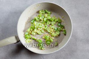 Селера, зелений перець, цибулю обсмажуємо в 1 ложечці рослинного масла до того, як цибуля почне золотитися, закидаємо до них часник і смажимо ще 2-3 хвилини.
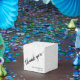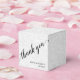 Elegant vit på vit filigree-utskrift mönster med namn och tack i chic på framsidan. De här 2-tums fyrkantiga favoritrutorna är vackra för bröllopsfavörer, möhippa-favörer eller något speciellt tillfälle.
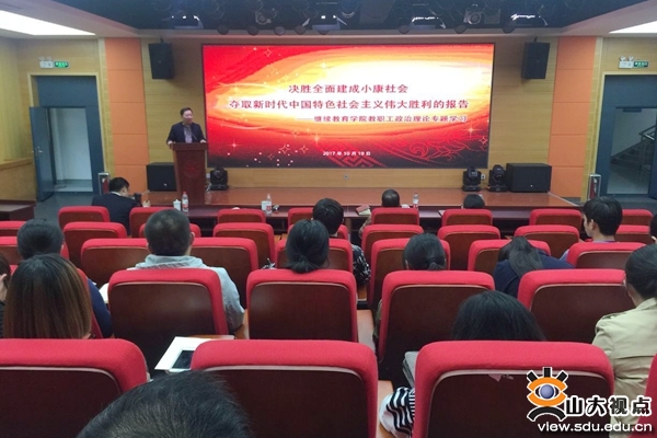 靳光华总结会议并讲话。他表示,2018年是beat365英国官方网站质量发展的转折点,要从全面转型质量发展、全面推动非学历教育、全面转变思维、全面提高服务意识等方面总结出“四个判断”,并重点强调要减轻管的思想,提高服务意识。要提高对报告中提出的新时代、新思想、新矛盾、新目标的认识,与家庭、个人、工作密切结合。学院全体教职工要继续认真学习党的十九大的重点内容,为服务山东服务国家战略的继续教育工作开启新篇章。徐文忠、沈翔、周庆华分别表示,党的十九大报告是实现中国梦的纲领性文件,令人倍感振奋、深受鼓舞,更让人对未来充满了期待,全体教职工必须高度重视并大力贯彻落实。

*****

Each line above should be returned exactly as it stands, minus any pictures.

 Селера, зелений перець, цибулю обсмажуємо в 1 ложечці рослинного масла до того, як цибуля почне золотитися, закидаємо до них часник і смажимо ще 2-3 хвилини.
 Elegant vit på vit filigree-utskrift mönster med namn och tack i chic på framsidan. De här 2-tums fyrkantiga favoritrutorna är vackra för bröllopsfavörer, möhippa-favörer eller något speciellt tillfälle.
 靳光华总结会议并讲话。他表示,2018年是beat365英国官方网站质量发展的转折点,要从全面转型质量发展、全面推动非学历教育、全面转变思维、全面提高服务意识等方面总结出“四个判断”,并重点强调要减轻管的思想,提高服务意识。要提高对报告中提出的新时代、新思想、新矛盾、新目标的认识,与家庭、个人、工作密切结合。学院全体教职工要继续认真学习党的十九大的重点内容,为服务山东服务国家战略的继续教育工作开启新篇章。徐文忠、沈翔、周庆华分别表示,党的十九大报告是实现中国梦的纲领性文件,令人倍感振奋、深受鼓舞,更让人对未来充满了期待,全体教职工必须高度重视并大力贯彻落实。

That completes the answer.